Painting by Giovanni Lanfranco

The Ecstasy of Saint Margaret of Cortona is an oil painting on canvas by the Italian Baroque painter Giovanni Lanfranco, executed in 1622. It is in the Palatine Gallery of the Pitti Palace in Florence, Italy.

==Description==
The painting depicts a mystical event occurring to the 13th-century Franciscan tertiary, Margaret of Cortona. In the painting, she swoons while held up by two angels, while having a vision of a Christ aloft on a cloud, showing her his stigmata.
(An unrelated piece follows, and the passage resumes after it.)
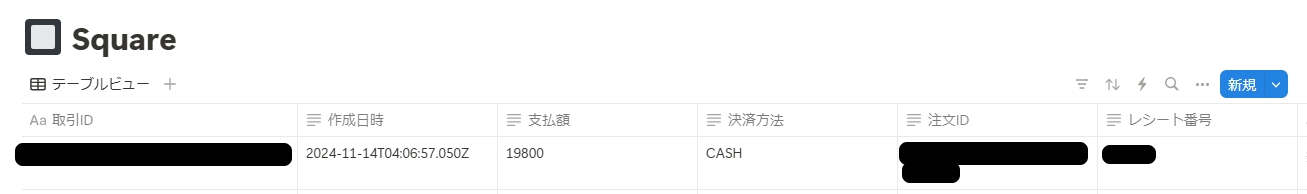 これで、Squareで決済完了後に、決済情報が自動でNotionに追加されるようになりました!
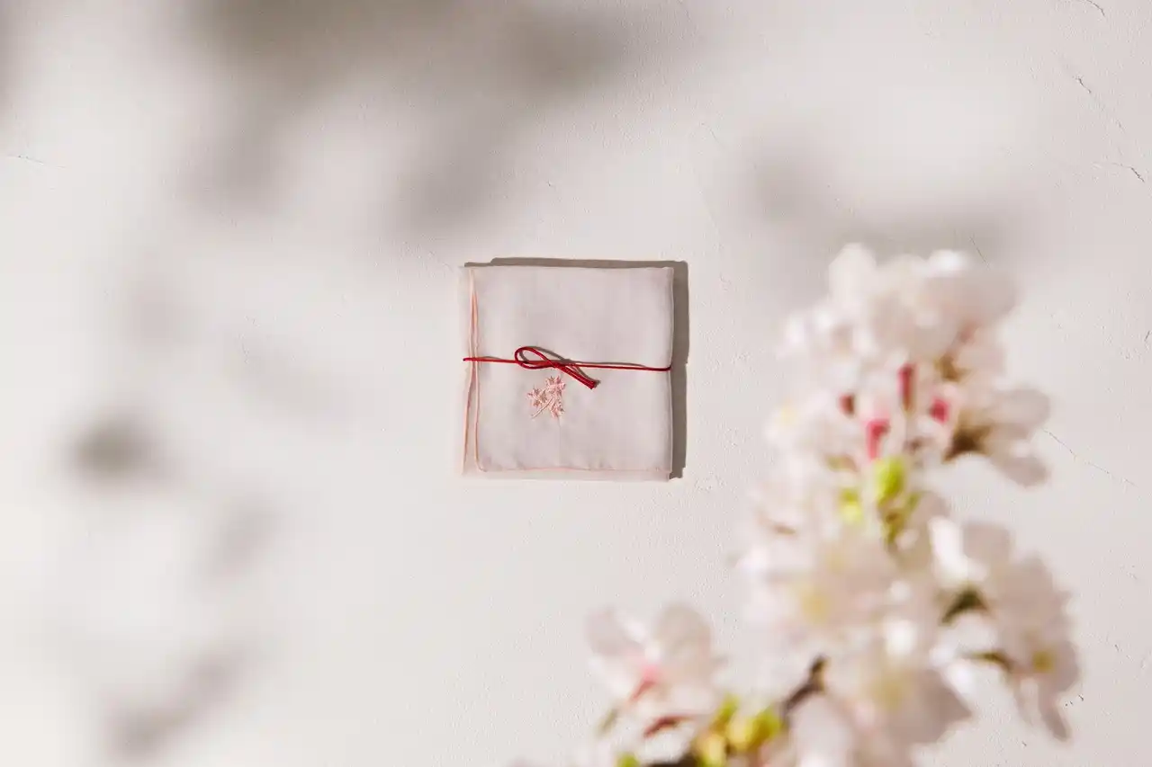 やわらかな日差しのあたたかさに思わず外へ出かけたくなる季節に向けて、特別なデザインのハンカチをご用意しました。新しい文化継承のかたち・刺繍の可能性を考える刺繍ブランド「京東都」と共に製作しました。吸水性と保湿性に優れたやわらかなガーゼ素材を使用し、心地良い肌触りに仕上げています。ボトルロゴと、淡いピンクの刺繍糸で表現した桜のモチーフを組み合わせたデザインは、春らしいあたたかみを添え、カフェでのひとときやお散歩の時間など日常のさまざまなシーンで季節を感じさせてくれます。日本ならではのお土産や季節のギフトにもおすすめの一枚です。 |

Margaret narrated that in the vision Christ called her "my beloved daughter". Margaret's waist is girded with the rope cincture that characterizes members of the Franciscan orders. The small dog at her feet is a common feature of her iconography; it recalls the story that her dog found the body of her murdered lover, an event which triggered her movement towards an eremitic life. The bare background is dark but rises to a luminous gilded light surrounding the figure of Christ. The Baroque arrangement by Lanfranco places the figures along a diagonal in the canvas and grants a realistic solidity to the characters, focusing the attention on Margaret's psychic state and not only her overpowering miraculous vision. The veneration of Saint Margaret of Cortona was prominent in Tuscany.

The painting was commissioned in 1622 by Nicolo Gerolamo Venuti, whose coat of arms is at the lower left, and decorated the main altar for the church of Santa Maria Nuova in Cortona. It was purchased for the palace by Prince Ferdinand de' Medici, who provided to the church a replacement canvas on the same subject by Giuseppe Maria Crespi. That painting is now in the Diocesan Museum of Cortona.

Lanfranco in his design appears to show the influence of Caravaggio's Saint Francis in Ecstasy (1596). In turn, this painting may have influenced the design of the statuary group (1645–1662) of the Ecstasy of Saint Teresa by Gian Lorenzo Bernini.